Philippine, elle, vous répondra qu’on ne choisit pas toujours ! « Pour ma deuxième, c’était en urgence avant le passage au bloc opératoire… elle a embaumé le bloc avec sa douce odeur de saint Chrême ! Je me rattraperai pour lui organiser une belle fête pour ses 1 ans de naissance/ baptême.

3. Un baptême après la première année de vie

D’autres parents préféreront attendre que l’enfant ait 1, 2, 3 ans voir plus, afin que ce dernier puisse participer activement à son baptême.

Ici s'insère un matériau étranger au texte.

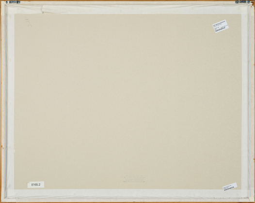Herstellungsbedingt leicht gewellt. Verso fest mit doppelseitigem Klebeband auf Rückwand geklebt. Ansonsten guter Zustand. Im Rahmen beschrieben.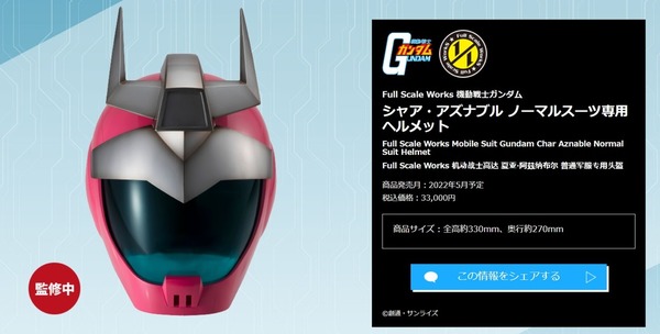 《機動戰士高達》系列馬沙 1:1 比例「宇宙服專用」頭盔登場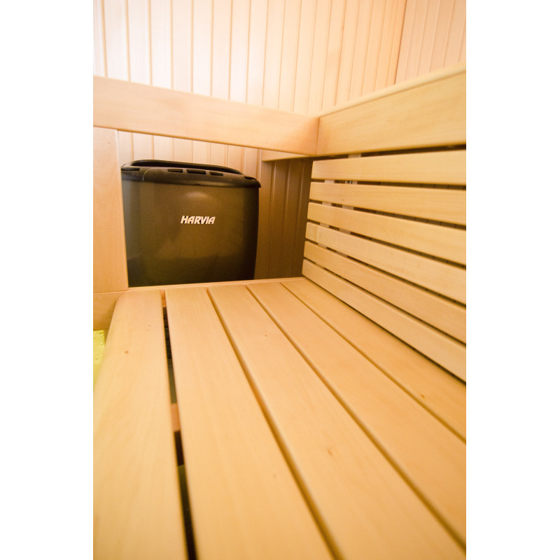 Piec jest kluczowym elementem całej sauny. Odpowiada za działanie całej sauny, co oznacza, że piec wymaga szczególnej uwagi. W tym przypadku wybrano elektryczny piec do sauny Harvia Moderna (8 kW). Grzejniki elektryczne nie wymagają dużej konserwacji, jest mniejsze ryzyko pożaru.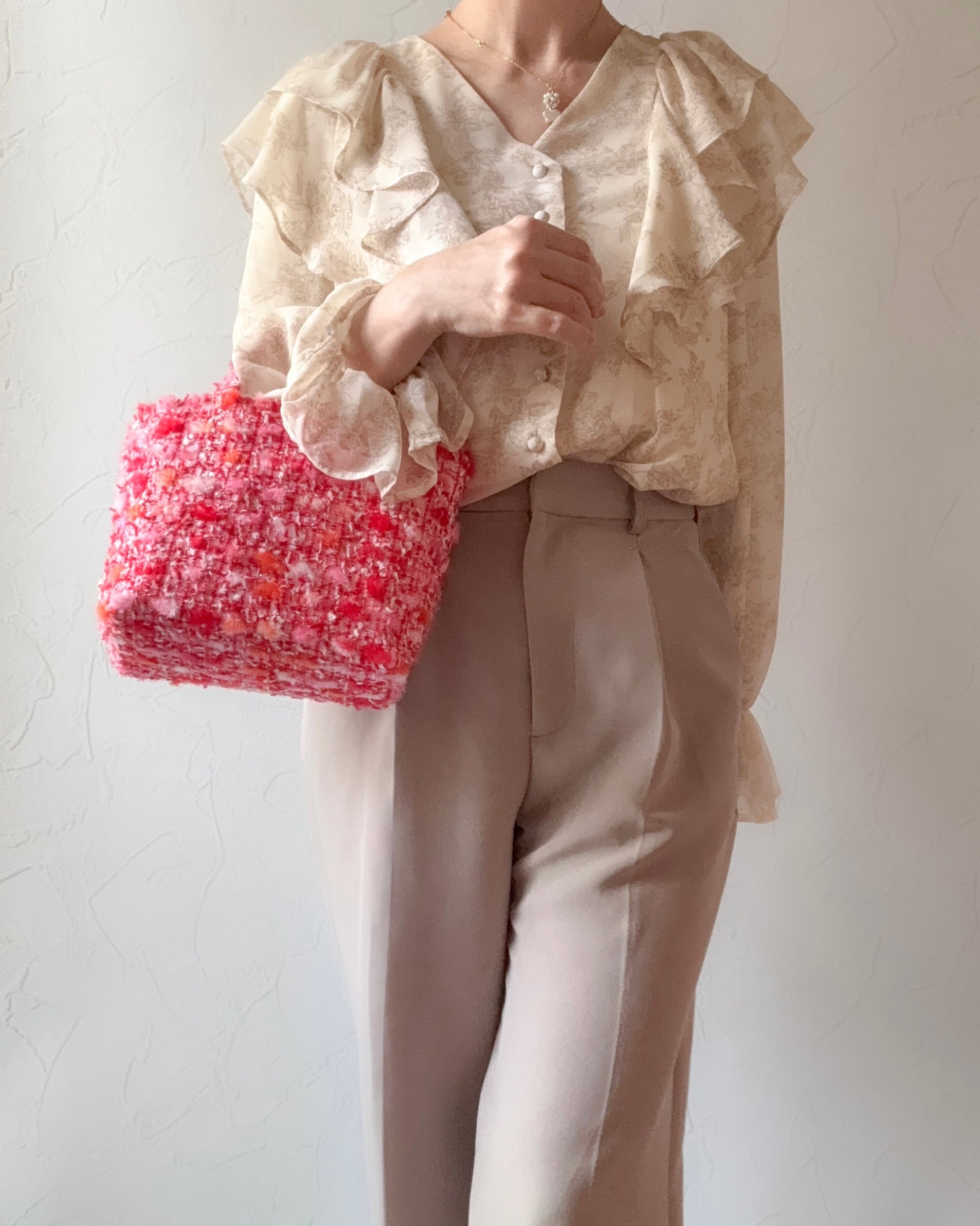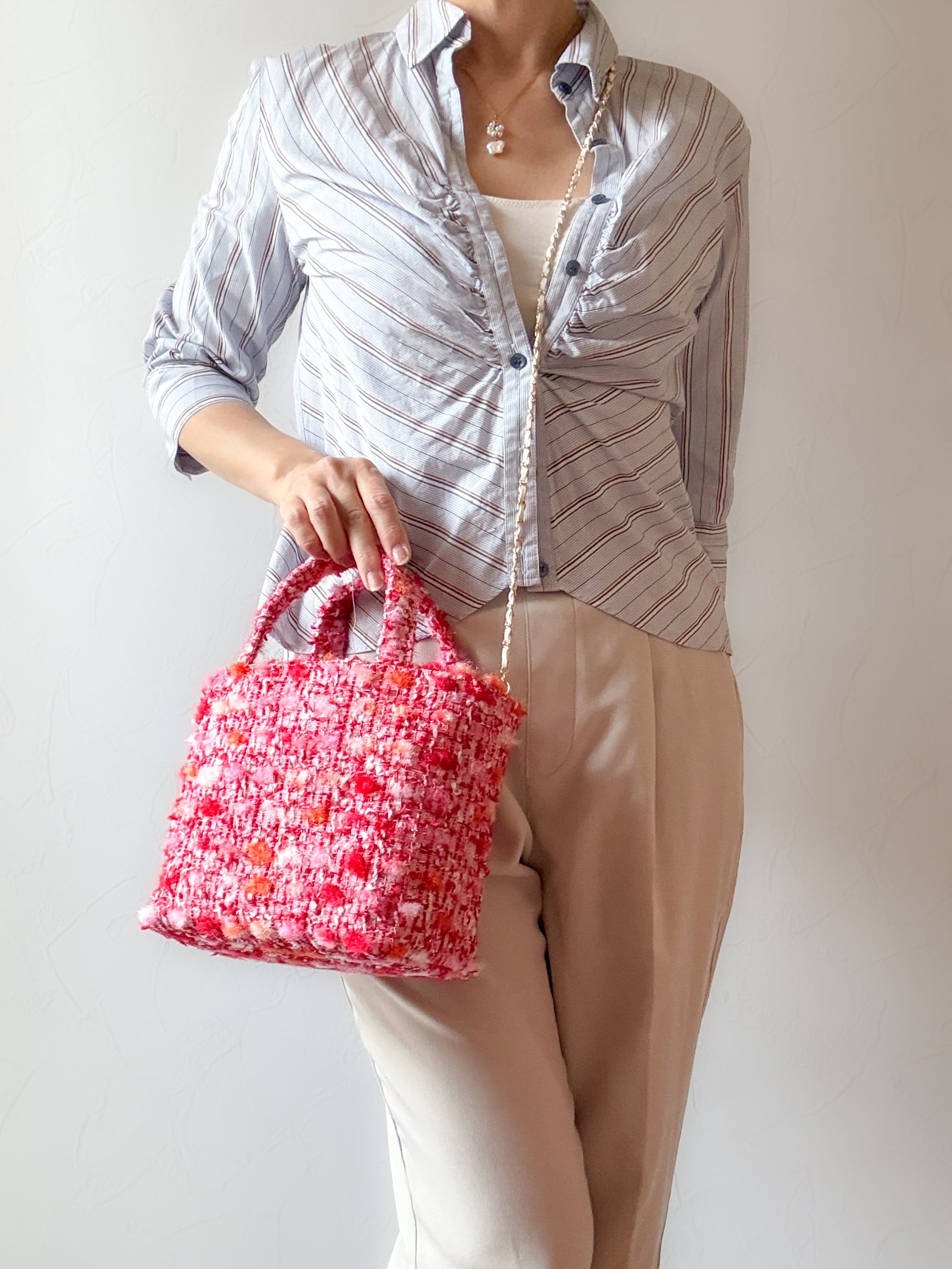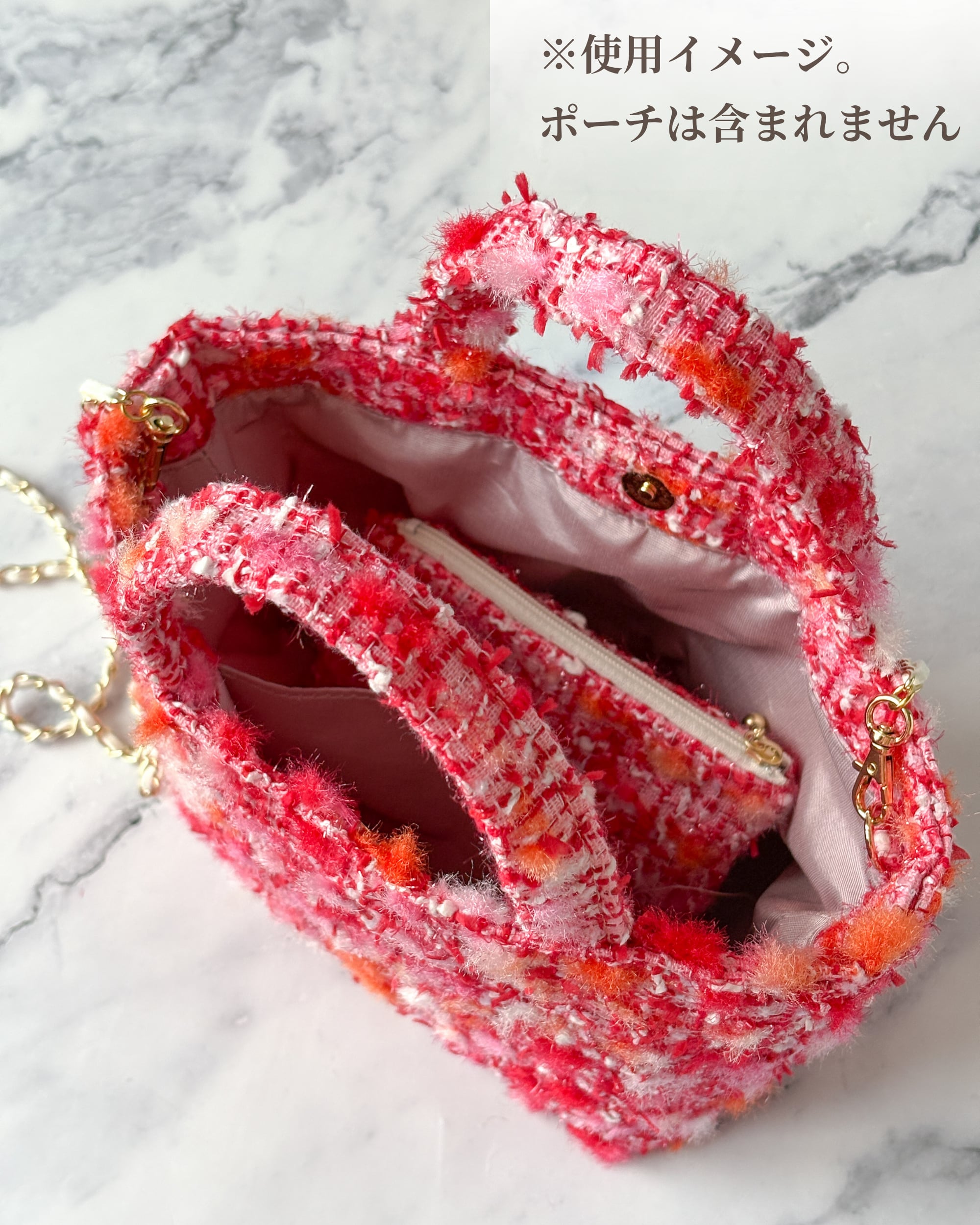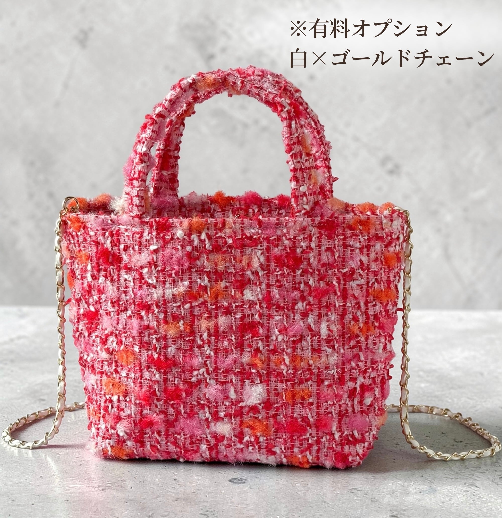 赤ツイード ミニトート ショルダー対応 2way ミロス ジュエリーツイード お出掛け ご褒美

Il arrive fréquemment que plusieurs enfants d’une même fratrie soient baptisés en même temps, à la fin d’un parcours de catéchuménat des parents par exemple.

Clémentine, mère de 3 garçons, nous explique qu’elle a hésité à « attendre que l’enfant soit en âge de comprendre et de demander le baptême. » La jeune maman, baptisée elle-même à l’âge adulte, a trouvé que le catéchuménat était un « parcours très riche » et est « convaincue que Dieu [l’] aimait tout autant avant [son] baptême ! »

Pour Stéphanie, pas question de les baptiser tout-petits. Elle nous explique son choix : « Je souhaite que mon enfant soit préparé, conscient, qu’il puisse exprimer son accord. Je ne veux pas lui « imposer » un baptême avant même qu’il soit capable de parler. Je vais peu à la messe malgré une éducation religieuse. Je crois en Dieu et j’espère que mes enfants croiront en Lui également, c’est la raison pour laquelle je souhaite les faire baptiser… mais on a le temps ! »

Comment choisir le bon moment pour faire baptiser son enfant ?

On l’a compris, le baptême est l’occasion pour beaucoup de parents de présenter leur enfant à leurs proches : cercle familial mais amical également. Cette joie de présenter son enfant aux proches est tellement naturelle est compréhensible. Le baptême est donc vu comme une urgence pour certains, comme une grande fête pour d’autres, comme un choix à poser par l’enfant pour d’autres… Mais comment faire son propre choix ?

Le père Hubert de Richemont nous répond très simplement : « Certaines familles font l’admiration des pasteurs par leur vie et leur engagement chrétien. Pour elles, la recommandation de l’Église s’applique sans hésitation : l’Église encourage les parents à faire baptiser leur enfant « au plus tôt après la naissance ». Sans cela, ils priveraient l’enfant « de la grâce inestimable de devenir enfant de Dieu » (CEC 1250).

Le père de Richemont s’adresse ensuite aux nombreux parents ayant le souhait de faire baptiser leur enfant mais ayant une pratique religieuse assez irrégulière : « Un enfant peut être baptisé à tout âge, à condition que ses deux parents y consentent. Des préparations sont prévues pour les parents, comme pour les enfants avec des préparations adaptées selon leur âge. Le baptême d’un enfant nécessite que les parents soient bien conscients de la responsabilité qu’ils prennent à faire grandir leur enfant dans la foi en Dieu. C’est d’ailleurs le but de la préparation au baptême vécue dans les paroisses : les parents vont être renouvelés eux-mêmes dans la grâce de leur propre baptême, à travers la démarche de leur enfant. »

Il est donc important, avant de faire baptiser son enfant, d’être au clair avec le sens du baptême et l’éducation religieuse que l’on souhaite inculquer à nos enfants. Baptiser son enfant implique une démarche de la part des parents, une prise de décision de leur part de cheminer vers Dieu, avec leurs enfants.